После долгого, вполне размеренного снижения ее итоговый бросок был ослепительно быстрым. Задними когтями она зацепила и разорвала чайке шею, а после удара отскочила от жертвы, как щепка от разрубленного полена. Потом изящно прогнулась и, восстановив управление, поднялась над водой. Чайка со ста футов медленно спланировала вниз и распласталась на гальке. Самка сапсана села рядом и стала кормиться. Вся плоть была съедена. Голые кости смотрели в небо, как ребра потерпевшего крушение корабля.

27 марта

Из дубка, растущего в живой изгороди возле морской дамбы, доносились мягкие задумчивые мычащие звуки. Дерево было дуплистым, с коротким пузатым стволом и кроной, разросшейся вокруг большого дупла. Подойдя к дубку, я увидел над стволом макушку домового сыча. Он знал, что я здесь, и спустя минуту перешел на высокую ветку, чтобы лучше меня рассмотреть. Нас разделяли какие-то десять футов. Сыч моргнул; сперва обоими глазами, потом только левым глазом. Он согнул колени, словно совершая быстрый реверанс, и вытянул шею, так что та стала тонкой и длинной. Пушистые белые полосы над глазами задвигались и сморщились. Потом, будто смутившись, он вдруг отвел глаза.
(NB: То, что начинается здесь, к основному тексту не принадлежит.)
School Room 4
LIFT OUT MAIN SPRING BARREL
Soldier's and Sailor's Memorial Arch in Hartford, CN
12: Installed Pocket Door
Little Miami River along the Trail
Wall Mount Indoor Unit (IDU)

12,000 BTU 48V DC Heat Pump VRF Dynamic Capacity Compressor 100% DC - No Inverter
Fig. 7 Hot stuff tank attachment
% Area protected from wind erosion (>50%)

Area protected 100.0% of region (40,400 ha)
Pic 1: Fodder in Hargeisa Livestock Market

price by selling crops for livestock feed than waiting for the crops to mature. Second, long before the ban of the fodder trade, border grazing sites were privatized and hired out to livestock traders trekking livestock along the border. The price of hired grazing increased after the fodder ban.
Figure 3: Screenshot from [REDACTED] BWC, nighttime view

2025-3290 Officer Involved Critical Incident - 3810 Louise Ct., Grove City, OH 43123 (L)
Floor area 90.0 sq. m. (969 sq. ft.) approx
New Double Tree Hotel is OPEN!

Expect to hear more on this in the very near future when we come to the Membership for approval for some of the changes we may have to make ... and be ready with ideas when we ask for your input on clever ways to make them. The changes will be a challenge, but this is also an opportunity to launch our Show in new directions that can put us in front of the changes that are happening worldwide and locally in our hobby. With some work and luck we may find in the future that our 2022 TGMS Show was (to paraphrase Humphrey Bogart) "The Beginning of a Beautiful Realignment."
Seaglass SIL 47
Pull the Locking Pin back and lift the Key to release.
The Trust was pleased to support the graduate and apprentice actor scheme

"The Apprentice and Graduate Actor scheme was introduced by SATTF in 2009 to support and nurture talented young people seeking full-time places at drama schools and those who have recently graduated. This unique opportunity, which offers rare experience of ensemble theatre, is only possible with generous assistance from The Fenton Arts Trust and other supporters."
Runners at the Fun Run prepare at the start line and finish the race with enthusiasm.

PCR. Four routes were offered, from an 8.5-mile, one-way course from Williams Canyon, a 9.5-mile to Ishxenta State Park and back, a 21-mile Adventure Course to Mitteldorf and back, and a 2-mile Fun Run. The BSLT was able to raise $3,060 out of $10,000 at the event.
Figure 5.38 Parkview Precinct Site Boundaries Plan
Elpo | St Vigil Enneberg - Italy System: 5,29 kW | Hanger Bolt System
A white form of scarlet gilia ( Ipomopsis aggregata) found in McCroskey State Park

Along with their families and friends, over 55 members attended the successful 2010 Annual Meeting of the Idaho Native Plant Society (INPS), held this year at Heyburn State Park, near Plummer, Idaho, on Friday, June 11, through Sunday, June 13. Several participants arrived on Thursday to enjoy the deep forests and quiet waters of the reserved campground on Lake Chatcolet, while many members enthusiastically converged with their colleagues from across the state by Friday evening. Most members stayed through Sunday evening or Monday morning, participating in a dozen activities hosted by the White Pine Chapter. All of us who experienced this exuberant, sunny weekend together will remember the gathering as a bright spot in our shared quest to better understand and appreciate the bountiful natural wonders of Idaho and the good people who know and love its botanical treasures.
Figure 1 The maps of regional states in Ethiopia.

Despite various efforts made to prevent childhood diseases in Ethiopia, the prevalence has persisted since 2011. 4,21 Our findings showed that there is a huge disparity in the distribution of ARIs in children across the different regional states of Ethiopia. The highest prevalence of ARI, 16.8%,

Глядя на свои переступающие лапы, сыч забрался чуть выше по ветке и обернулся, чтобы еще раз рассмотреть меня. Я медленно поднял бинокль. Сыч вздрогнул и втянул голову в плечи. Но он был таким же любопытным, как я, и несколько минут он глядел прямо в линзы бинокля. Огромные круглые глаза были светлыми, хотя и совершенно невыразительными, как бы нарисованными на лице. Черный зрачок был той же ширины, что ярко-желтая радужка. Сыч часто моргал, и серые мигательные перепонки на его глазах отвратительно щелкали, будто это были глаза куклы. Казалось, он не был сосредоточен на мне. Я мало что для него значил. Я был как фотография-обманка; если предмет на ней нельзя узнать, то и какая разница, что он собой представляет. Интерес сыча ослабевал, он уже отводил от меня глаза. Потом он совсем обо мне позабыл и спустился в свое дупло. Я был снаружи, а он внутри дерева, и ему не о чем было со мной разговаривать.

Лапы сыча удивительно толстые и сильные для такой маленькой птицы. Они кажутся волосатыми и из-за этого походят на лапы четвероногого животного. На присаде птица кажется совершенно непропорциональной – будто голова на двух лапах. Не стоит приписывать птицам человеческие черты, но все-таки за домовыми сычами очень забавно наблюдать. В полете они – совы как совы, но в покое – прирожденные клоуны. Конечно же, они этого не понимают. Что делает их еще смешнее; ведь они кажутся вечно возмущенными, негодующими, переполненными желчью. Нет ничего смешного в их острых когтях и разящем клюве. Они убийцы. Для того им и нужны такие инструменты. И все же я громко смеюсь всякий раз, когда вижу вблизи домового сыча.

На исходе дня, перед началом охоты, их облик совершенно другой. Их весенняя песня – восходящая, глуховатая, полная нежной грусти – исполняется на единственной ноте деревянного духового инструмента. Она похожа на крик далекого кроншнепа, услышанный во сне[57]. Через поля и долины совы переговариваются друг с другом, в деревьях сгущаются сумерки. А потом наступает весенняя ночь, пахнущая холодной травой.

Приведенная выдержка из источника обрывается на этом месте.